Sue looked on as Neil peered into his saucepan of chilli. She wondered what to do with her hands. “He sounds just like his dad,” she said.
Neil stirred the mince and smiled.
Some time later, when chapters nine and 10 were complete, Neil beckoned his wife over to his bubbling pot. She made a wheezing, groaning sound. “Too hot?” Neil asked. Sue frowned as she put down the tasting spoon.
Neil put the pita bread in their sprightly yellow toaster, and then they sat down to eat. Neil turned to his wife and asked her what she thought.
Sue looked up from her bowl. “I thought the narration was lovely,” she said. “He sounded so much like his father. It was uncanny at times. The music and sound effects were really good, as well. I usually find it hard to concentrate on things like this, and I’m still confused by the plot, but I thought the prose was excellent. It was very precise, but engaging at the same time. I can see how these books would have been very important before you had video recordings, but I also get the impression that they might colour your appreciation for an episode when you finally got to see it.”
“That paragraph is far too long,” said Neil, gently.

Episode Six

The Abominable SnowmenSue: This reminds me of a dirty phone call I received once.
Me: Jesus! What?
Sue: A cross between Charlie Drake and Mark King from Level 42.
Me: The guy who rang you up?!
Sue: No! This guy – Padsdanavratilova (sic).

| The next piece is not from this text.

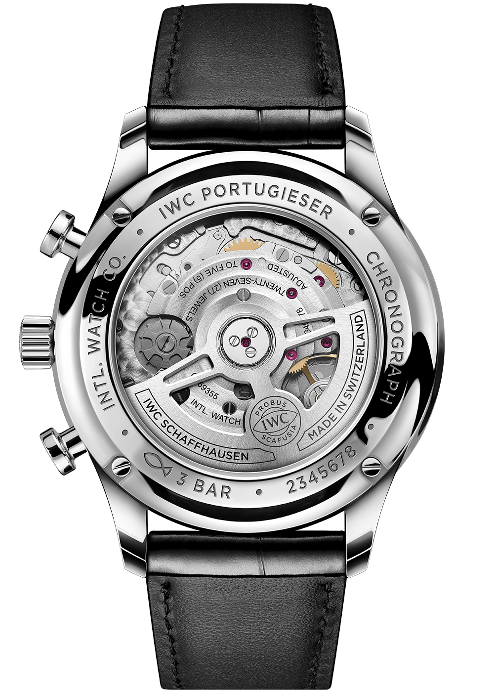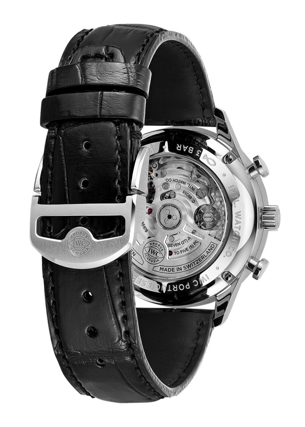 Since 1998, the Portugieser Chronograph has brought a sporty and elegant touch to the Portugieser collection from IWC Schaffhausen. The vertical arrangement of the sub-dials, typical of IWC, shows the stopped minutes directly at 12 o’clock and places the small seconds at 6 o’clock. This arrangement improves readability and has made the Portugieser Chronograph a design icon. Another feature is the réhaut printed with a quarter-second scale, which ensures precise reading of the stop time.

Songsten, who’s under the influence of the Great Intelligence, slays Khrisong.

Me: I like the way they turned a photo of Khrisong on its side to show us he was dying.
Sue: I liked Khrisong. He was very committed to his moustache.

As the Doctor battles the Intelligence, Sue is surprised when he cries out.

Sue: The sound of the Doctor screaming like that is very distressing. I wish I’d seen this. I bet it would have been very exciting.

Padmasambhava’s face appears in an extreme close-up, and the effect is, well, homespun to say the least.

Sue: Was the make-up really that bad or am I being unfair? Because it looks terrible. Then again, we’re staring at it for ages. That close-up was probably only fleeting when it was originally shown. At least I hope it was.

As Travers bids farewell to the Doctor and his companions, Sue guesses the final twist.

Sue: I bet he finds a real Yeti. Oh, look, there’s a real Yeti. At least proper Yeti actually exist, and they aren’t just silly robots with enormous arses.
Me: Yeah, imagine if they’d turned the Loch Ness Monster into a robot, or something stupid like that.
Sue: I feel sorry for the Yeti. They are nowhere near deadly enough to compete with some of the other monsters I’ve seen. Even the Macra. I notice that you don’t have a Yeti doll on the bookshelf, Neil. I think that says an awful lot.

The Score

Sue: I enjoyed that. It was two episodes too long, of course, but you can say that about a lot of Doctor Who. However, there was a calm and measured approach to the story, which I really liked. You didn’t get the hysteria you sometimes do with these things. Troughton was very good, which goes without saying now. In fact, most of the performances were pretty good. Yes, it wasn’t bad at all.